Download OSSEC source code:
cd /tmp
wget https://github.com/ossec/ossec-hids/archive/3.7.0.tar.gz
tar xzf 3.7.0.tar.gz
cd ossec-hids-3.7.0
For CentOS/RHEL, install build tools:
sudo yum groupinstall -y 'Development Tools'
sudo yum install -y openssl-devel zlib-devel
For Ubuntu/Debian:
sudo apt-get install -y build-essential openssl libssl-dev zlib1g zlib1g-dev
OSSEC Architecture
OSSEC operates with two primary components:
- Manager/Server: Central component that receives alerts from agents, processes rules, and stores data
- Agent: Lightweight client installed on monitored servers that collects logs and file changes
A typical deployment includes one central manager receiving data from multiple distributed agents. For standalone deployments, the manager includes local_files for monitoring localhost.
Server Instalación
Instala the OSSEC manager on a central server that will receive and aggregate alerts from all agents.

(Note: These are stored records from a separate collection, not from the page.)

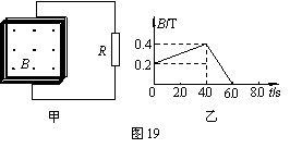 (10分)如图19甲所示,在一个正方形金属线圈区域内,存在着磁感应强度B随时间变化的匀强磁场,磁场的方向与线圈平面垂直。金属线圈所围的面积S=200cm2,匝数n=1000,线圈电阻r=1.0Ω。线圈与电阻R构成闭合回路,电阻R=4.0Ω。匀强磁场的磁感应强度随时间变化的情况如图19乙所示,求:
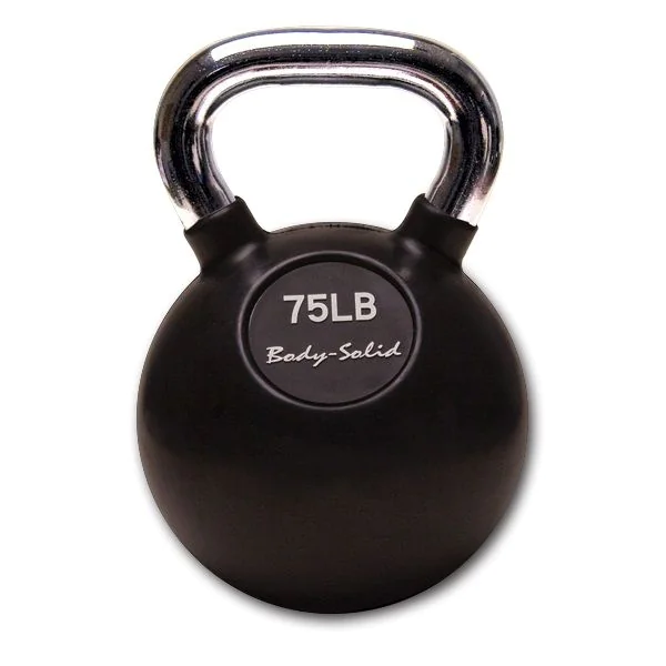 Body-Solid KBC Premium Kettlebells with Chrome Handles – KBC Rubber coated kettlebells with chrome handles by Body Solid are encased in thick virgin rubber to be impact resistant on floors and surrounding equipment as well as protect the kettlebell body itself from scratches and rust. Body Solid rubber kettlebell sets are many times more durable than neoprene or vinyl coated kettlebells and are ideal for commercial environments such as gyms and Crossfit boxes. The virgin rubber is impervious to moisture and resists cracking and drying out over time. Another unique feature of the Body Solid rubber kettlebell is the smooth chrome kettlebell handle. Unlike iron kettlebells which may have burrs, rough areas, or other imperfections from casting on the handles, Body-Solid KBC Kettlebells have smooth, chrome plated handles which allow comfortable grip and easy rotation for swings. The chrome plating is near impossible to chip, meaning your kettlebells will look and feel new for years to come.
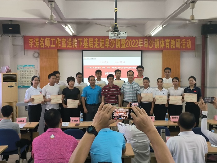 參加本次活動的有廣東省體育教研員肖建忠博士、廣東第二師范學院體育學院院長張細謙教授,中山市教體局體衛藝科科長戴淼元,中山市阜沙鎮黨委委員孫建忠,阜沙鎮教育和體育事務中心負責人、體育專干,豐聯小學校長等以及跟崗學員和阜沙鎮中小學全體體育教師。
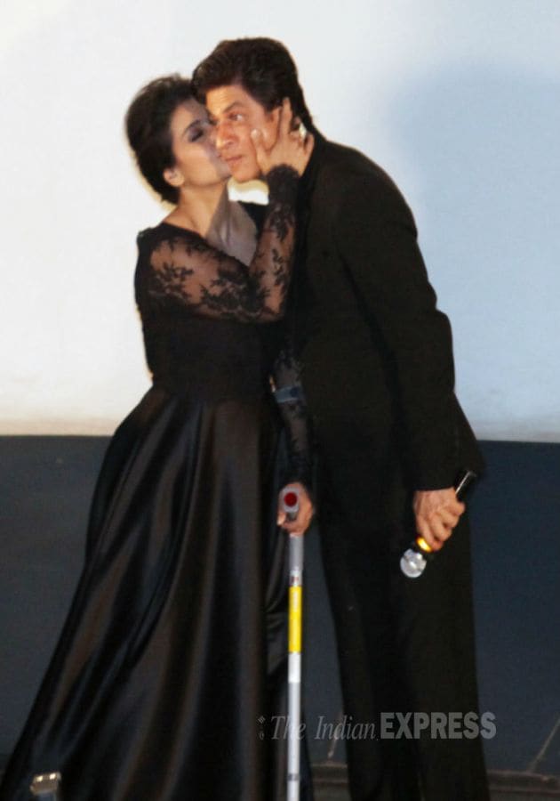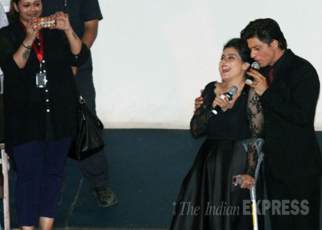 Shah Rukh Khan plays the perfect co-star as he supports Kajol who was leaning on her crutch as she enjoyed a laugh. (Source: Express Photo by Vasant Prabhu)
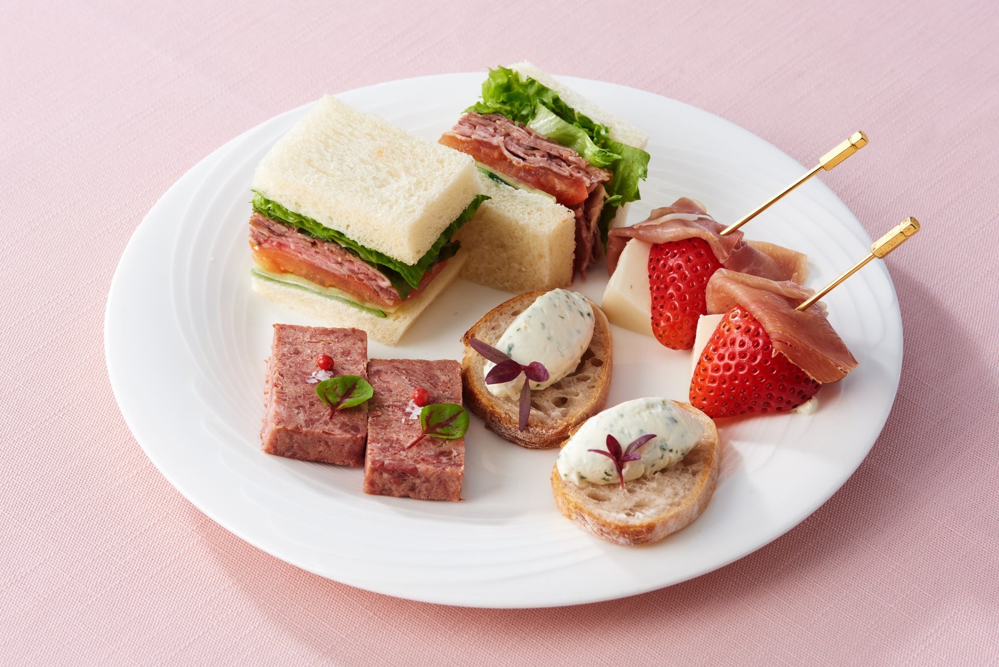 食べ応え抜群の「ローストビーフサンドウィッチ」を中心に、味の変化も愉しめるセイボリーをご用意。「いちご生ハムカプレーゼ」や「和牛コンビーフ」、香ばしい「ガーリックハーブのクリームチーズブルスケッタ」など、多彩なピンチョスはスイーツとの相性も抜群!甘味と塩味のバランスが、ティースタンド全体の満足感を引き上げます。
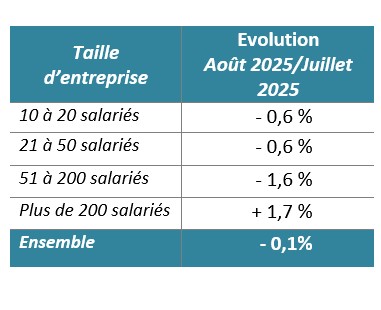 Seuls les carnets de commandes des entreprises de plus de 200 salariés ressortent en hausse. En parallèle, ceux des entreprises de 10 à 200 salariés affichent une baisse. Celle-ci est particulièrement marquée pour les entreprises de 51 à 200 salariés.
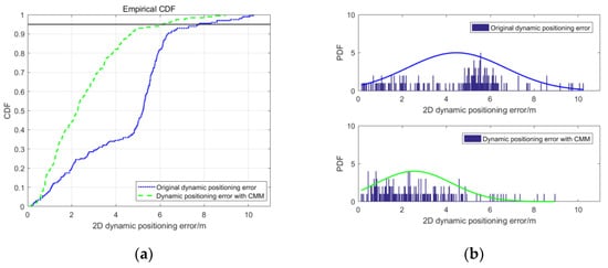 The CDF and PDF of the dynamic experimental results are shown in Figure 12. From Figure 12a, the error corresponding to the 95% confidence level is reduced from 8 m to 6 m through CMM correction. The PDF in Figure 12b indicates that most of the original dynamic positioning error is scattered within 6.5 m, mainly concentrated in 4–6.5 m. A small part of the positioning error ranges from 6.5 m to 10 m, and the maximum error does not exceed 11 m. In addition, by utilizing the CMM correction, it can be seen that most of the positioning error is distributed within 4 m. Some positioning error values are in the range of 6–8 m, and the maximum error is no more than 9 m.
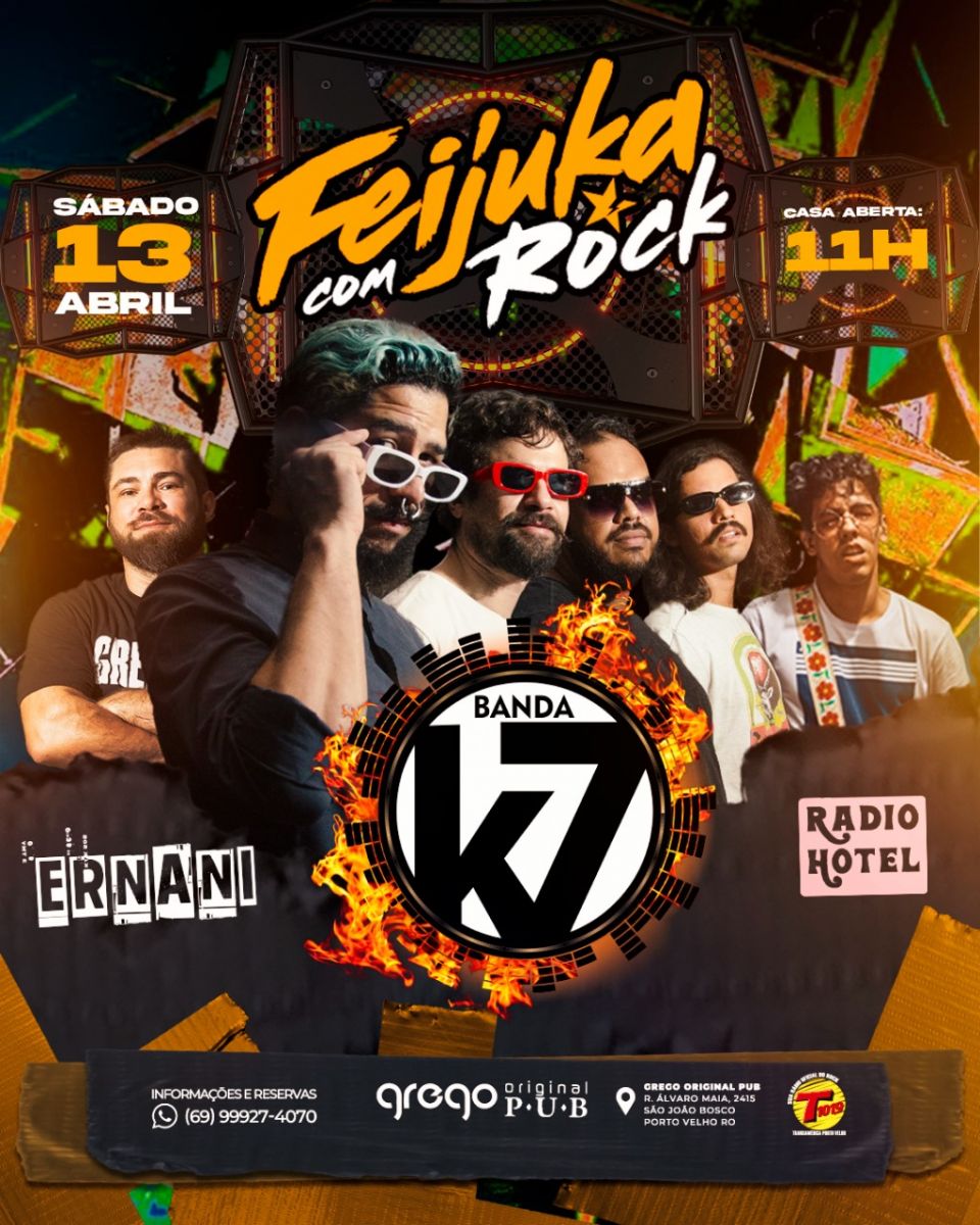 Os sábados são mais divertidos por aqui! Se você gosta curtir uma tarde agitada, com boa música e uma gastronomia diferenciada, precisa conhecer a feijuka com rock do grego original. Nesse sábado, o comando do show fica por conta das bandas K7, Rádio Hotel e Ernani Neto.
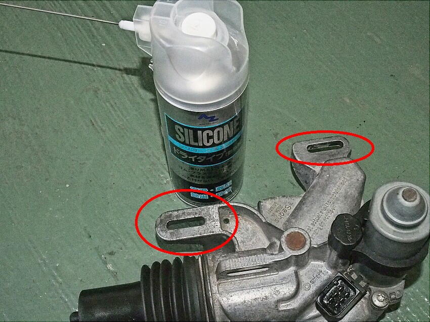 取付に掛かる前に、スライドさせる面にドライシリコンを吹き付けて置く。これで、アクチュエーターのスライドが滑らかになり プランジャーとクラッチリリースレバーが、当たったかどうかを明確に知る事が出来る。
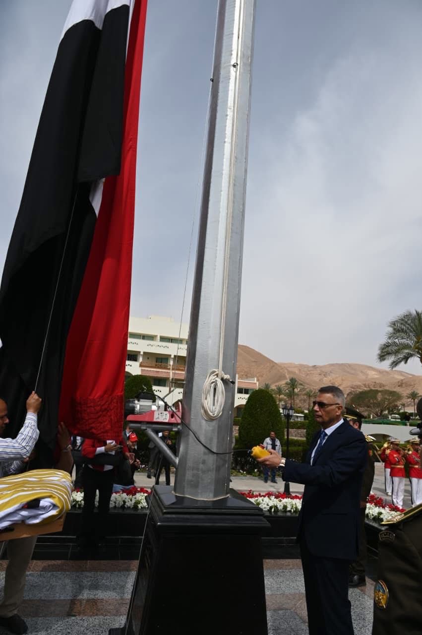 محافظ جنوب سيناء يرفع العلم بساحة طابا احتفالًا بالعيد القومي الـ37 للمحافظة
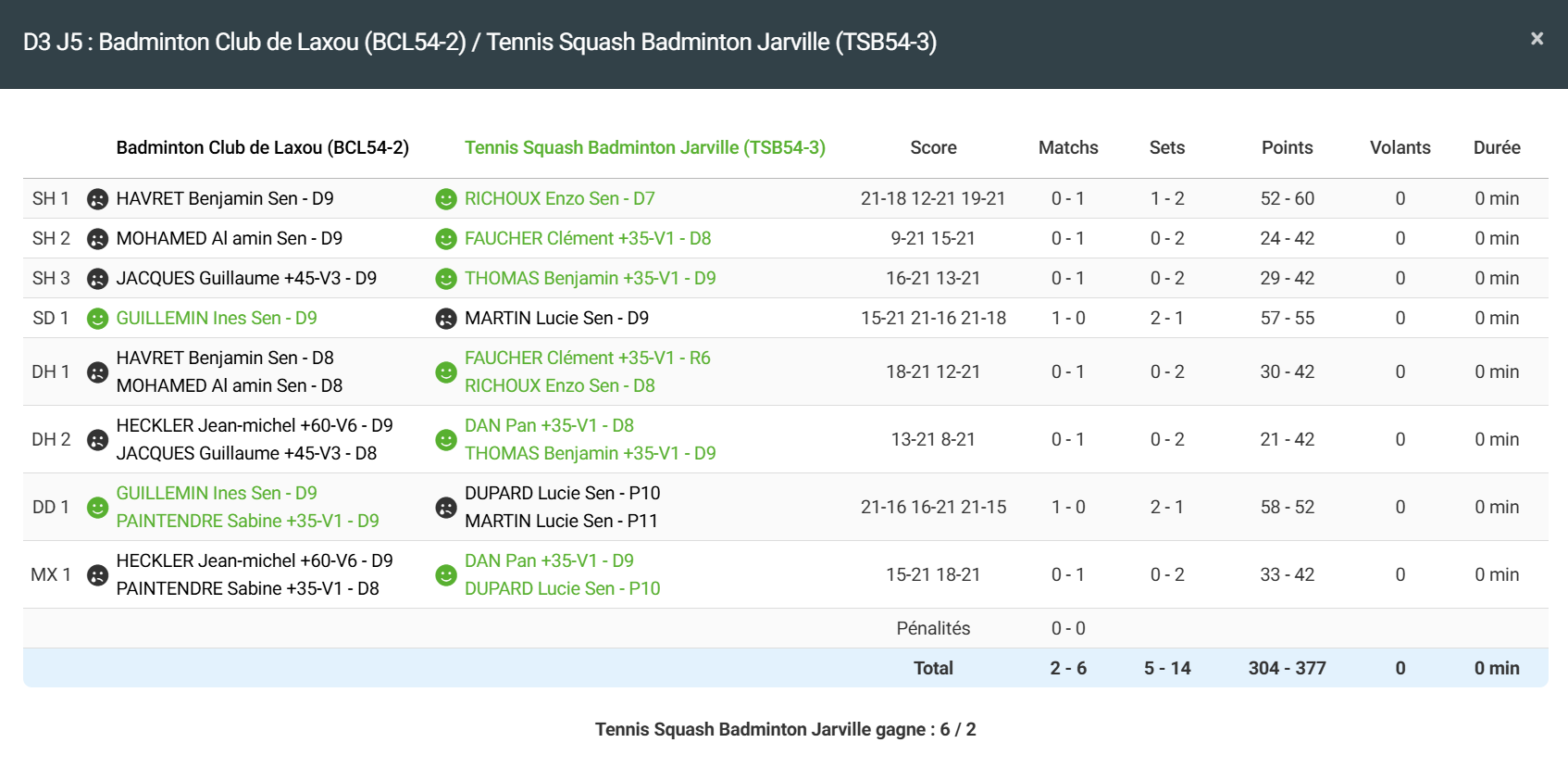 - Double homme 1 : Défaite en 2 sets pour Benjamin et Amin

Ejecuta the installation script:
cd /tmp/ossec-hids-3.7.0
sudo ./install.sh
The installer will prompt for configuration. Select the following options:
- Language: 1 (English)
- Instalación type: Server
- Instalación path: /var/ossec (default)
- Configuración method: Automatic
Or use automated installation:
sudo OSSEC_INSTALL_TYPE="server" ./install.sh auto
After installation, verifica the installation:
ls -la /var/ossec/
/var/ossec/bin/wazuh-control start
/var/ossec/bin/wazuh-control status
Inicia the OSSEC servicio:
sudo systemctl start ossec
sudo systemctl enable ossec
Access the OSSEC main configuration file:
sudo nano /var/ossec/etc/ossec.conf
Key configuration sections:
<!-- OSSEC Configuración -->
<ossec_config>
<global>
<email_notification>yes</email_notification>
<email_from>[email protected]</email_from>
<smtp_server>localhost</smtp_server>
<email_log_source>alerts.log</email_log_source>
<white_list>127.0.0.1</white_list>
<white_list>::1</white_list>
</global>
<rules>
<include>default</include>
<include>custom_rules</include>
</rules>
<logging>
<log_alert_level>3</log_alert_level>
<log_format>json</log_format>
</logging>
</ossec_config>
Agent Instalación
Instala OSSEC agents on servers you want to monitor. Agents send data to the central manager.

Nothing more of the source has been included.